I had to chuckle once inside. For those of you who don’t know, like me, I wondered why Mr. Blakey’s office was “in the basement.” Geez, was he a bad boy?

Nope, just politics. The party in power occupies the penthouse while the minority party gets the outhouse. I also found out it is expedient for one in the minority party who has an idea to insure he has a backer or two in the majority party or the bill could be DOA. Now can you see why politicians are such easy targets? They paint bull’s-eyes on their backs.

After some conversations, Mr. Blakey invited in the legislative attorney Ron Smith to ensure the legalese had all the required information. Mr. Emory was in full agreement and the draft was completed before I left the hall. (Sometimes things work too smoothly, but this one seems to be “in the works” now.)

The changes to hopefully be reflected in the Delaware Code, Title 7, paragraph 7, 704(g)(1) will read: “Any pistol firing a straight wall, PISTOL cartridge in ‘rounds’ from .357 magnum up to and including the 500 magnums, shall be considered legal. Only revolvers and single shot pistols will be allowed. Barrel lengths will not be shorter than 5.75 inches nor longer than 18 inches measured from the frame to the muzzle on revolvers and from the breech exit to the muzzle of single shot pistols.”
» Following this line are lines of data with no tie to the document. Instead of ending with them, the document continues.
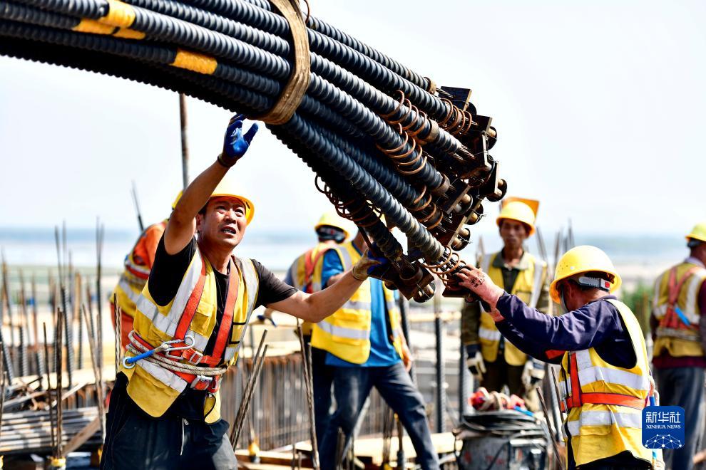 9月29日,在濟(寧)曲(阜)快速路上跨京滬鐵路立交橋項目,中鐵上海局的工作人員在忙碌作業。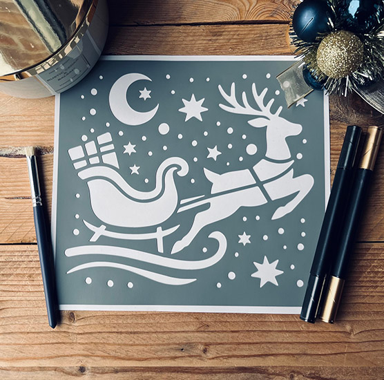 Pochoir Adhésif 20 x 20 cm Couronne de Noël & Hibou Noël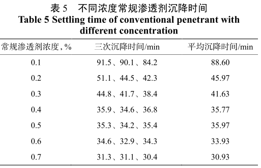 將常規滲透劑配制為不同濃度的溶液;將常規滲透劑溶液置入燒杯中,將帆布平放在液面上,帆布邊長為 3 cm,對帆布下沉至底部的時間記錄下來,得得沉降時間。實驗結果見表 5。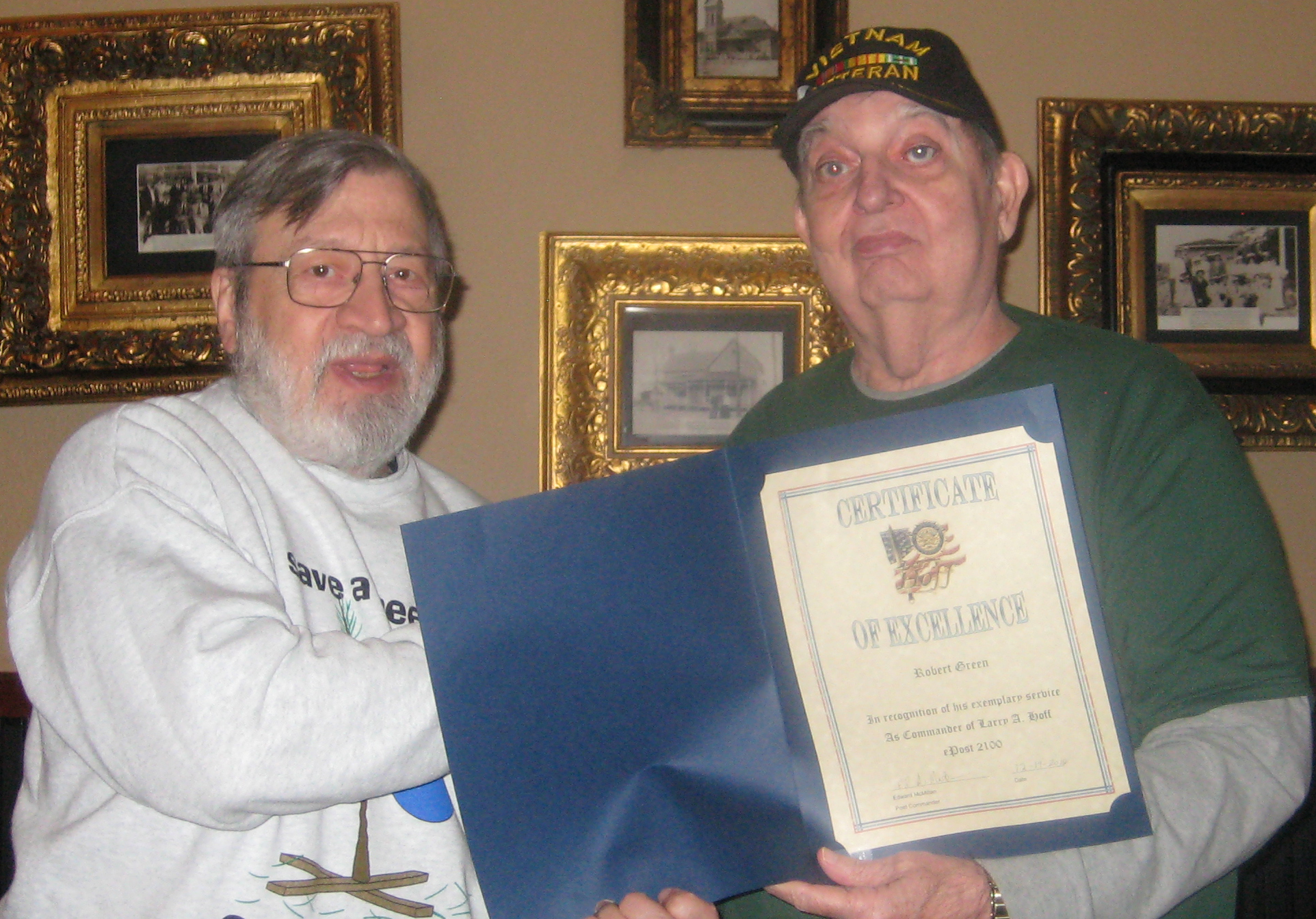 SURPRISED BOB RECEIVES (FROM ED) THE 2015 LEGIONAIRRE OF THE YEAR AWARD AT OUR DINNER

I’m sure there are some purists out there who’ll object regardless, but none of them felt it was important enough to pursue. I feel this is one compromise we can all live with. If you disagree, I hope you know how to reach your legislator.

As you know, I’ve been on the local state housing authorities about outlawing firearms in public housing. As you might notice from an article in this paper last week, my opinions aren’t indicative of everyone. I just have to take exception to the comments from the secretary of the Department of Safety and Homeland Security, Lewis Schiliro, Georgetown Police Chief William Topping and Dover Chief of Police Jeffrey Horvath. Mr. Schiliro’s comments were little short of insulting as his first word entailed that paragon of Second Amendment Rights, the NRA being a “very powerful lobby.” I wonder if he ever bothers to ask why that is? Would you suppose that maybe it’s because their members are ordinary honest Americans who see government trying to steal away Constitutional rights? If you doubt that, read his last chilling comment, “… we are constantly balancing against individual rights; we see that in search and seizure issue.”

Chief Topping’s remarks seem to stem from his officers input to him, but Chief Horvath has yet to prove there was ever a private gun ownership initiative he liked. He is a member of the International Association of Chiefs of Police who often are at odds with the NRA and many times, active policemen.

Though both men seemed to go out of their way to paint a picture of heinous actions being commonplace in bars, schools and public housing, they’re quite remiss in the rest of the facts. The majority of these incidents were foisted on honest people who obeyed the law, but were being taken advantage of by people who could care less that their actions were illegal. Knowing, as these two do, that their officers cannot possibly respond in less than 20 minutes 90% of the time, they advocate leaving the honest citizen who might own and keep legal firearms from the ability to protect themselves.

Chief Topping’s comments ring a bit hollow when he states, “From a law enforcement perspective, I think the less guns there are out there, the better off they are.” He never mentioned how much better off you and I might be.